The moment generating function (MGF) is M(t) = E[e^{tX}], defined for t in some neighborhood of 0. If M(t) exists, all moments can be recovered: E[Xᵏ] = M^{(k)}(0). The MGF uniquely determines the distribution, and convergence of MGFs implies convergence of distributions.
The moment generating function is an encoding trick: it packages all the moments of a distribution into a single function of one variable t. The definition M(t) = E[e^{tX}] looks mysterious at first, but the connection to moments becomes transparent through the Taylor series you already know. Recall that e^{tX} = 1 + tX + t²X²/2! + t³X³/3! + ... Taking expectations term by term: M(t) = 1 + t·E[X] + t²·E[X²]/2! + t³·E[X³]/3! + ... This is the ordinary power series for M(t) with coefficients E[Xᵏ]/k!. Differentiating k times and evaluating at t = 0 plucks out E[Xᵏ], which is exactly why the kth derivative at zero gives the kth moment: M^{(k)}(0) = E[Xᵏ].
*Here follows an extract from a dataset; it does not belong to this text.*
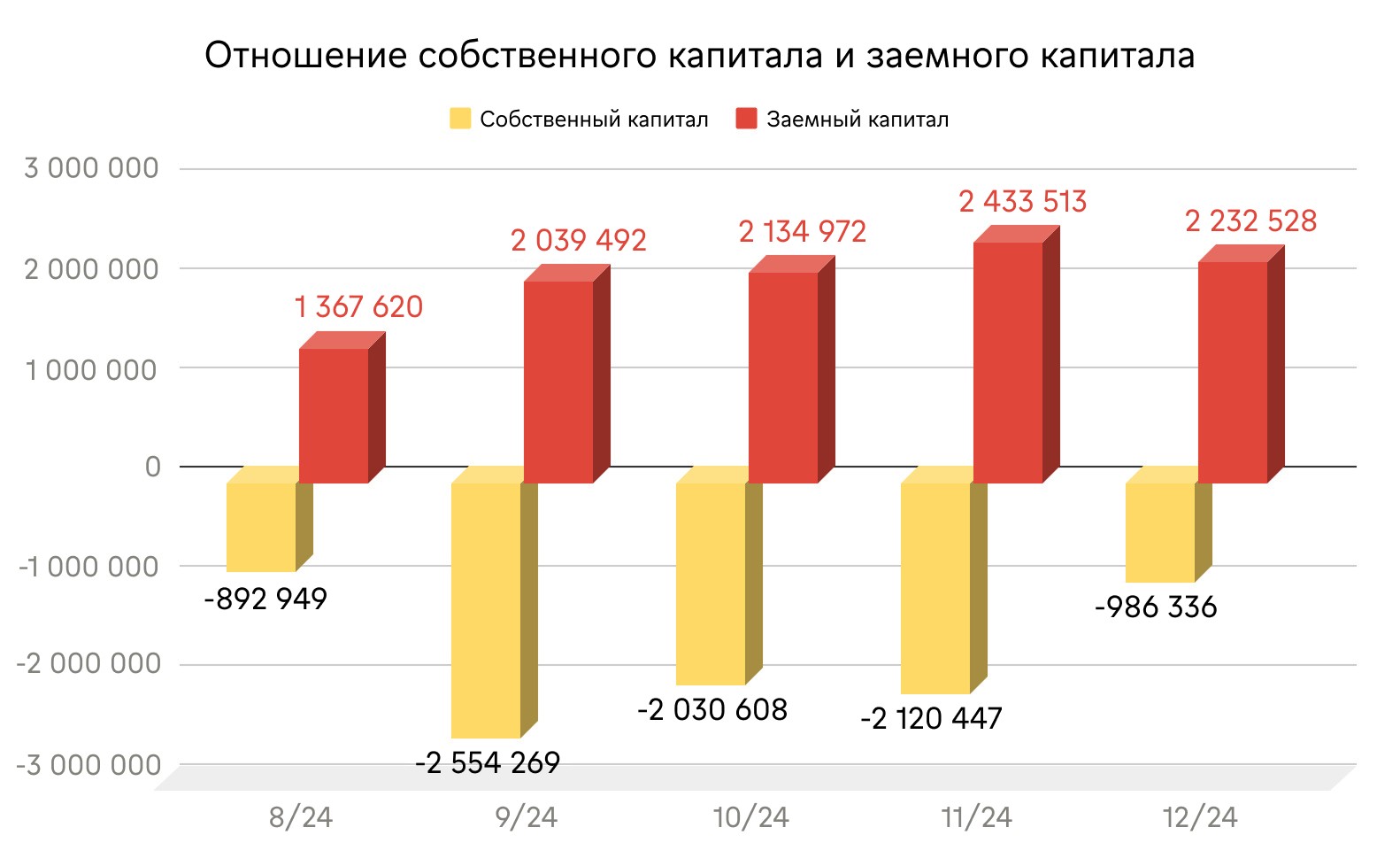 По результатам работы с финдиром, в октябре и декабре 2024 года была получена чистая прибыль (в декабре — 1 134 111 ₽), а в ноябре зафиксирован минимальный убыток. Это позволило начать сокращение дыры в собственном капитале — главной цели сотрудничества с Нескучными.

This makes computing variance and higher moments from prerequisites much easier for well-known distributions. For the exponential distribution with rate λ, M(t) = λ/(λ − t) for t < λ. Differentiating: M'(t) = λ/(λ − t)², so E[X] = M'(0) = 1/λ. Differentiating again: M''(t) = 2λ/(λ − t)³, giving E[X²] = 2/λ² and Var(X) = 2/λ² − (1/λ)² = 1/λ². One function generates everything. For the normal distribution N(μ, σ²), the MGF is M(t) = exp(μt + σ²t²/2) — a compact encoding that makes normal calculations tractable.
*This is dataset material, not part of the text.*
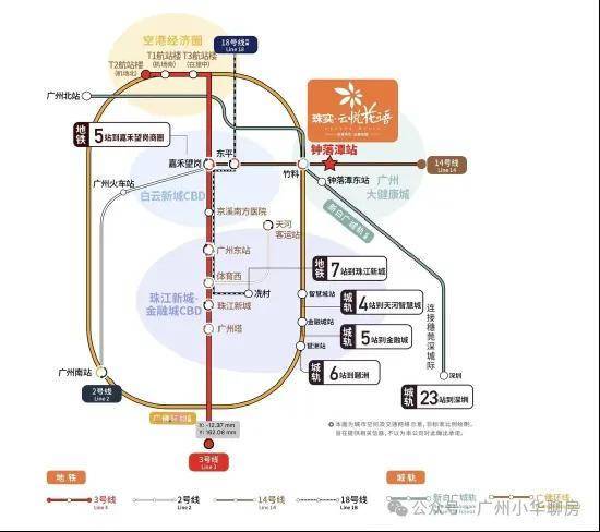 项目位于地铁14号线钟落潭站旁,距离大概1000米,5站到嘉禾望岗,换乘2、3号线可直通白云新城和畅达广州全城;

The deeper power of the MGF is that it uniquely determines the distribution: two distributions with the same MGF (when it exists on an open interval around 0) are identical. This is analogous to how a function is determined by all its derivatives at a point (when the Taylor series converges). This uniqueness property is the key to proving limit theorems: if you can show that the MGF of a sequence of distributions converges to M(t) = exp(μt + σ²t²/2) (the normal MGF), then the distributions themselves converge to normal. This is one route to the Central Limit Theorem — show that the MGF of the standardized sum converges pointwise to the standard normal MGF.
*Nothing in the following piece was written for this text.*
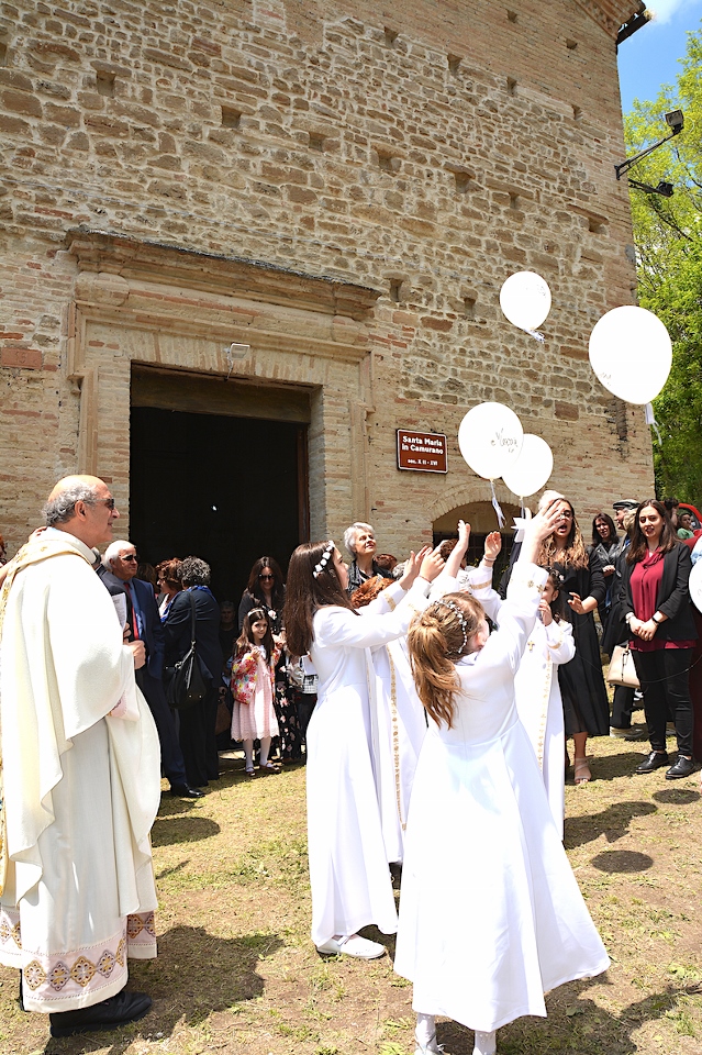 Guidati quindi dal Priore, tutti all’esterno della Chiesa dove, i bambini appena comunicati, hanno lanciato in aria dei bianchi palloncini che recavano la scritta del loro nome!

One important caveat: the MGF may fail to exist (the expectation E[e^{tX}] may be infinite) for heavy-tailed distributions like the Cauchy. This is why the characteristic function (replacing t with it, using complex exponentials) is more generally applicable and is the preferred tool in rigorous probability theory — the characteristic function always exists because |e^{itX}| = 1. Think of the MGF as the practical, computable tool for distributions with finite moments, and the characteristic function as its more powerful but less elementary extension.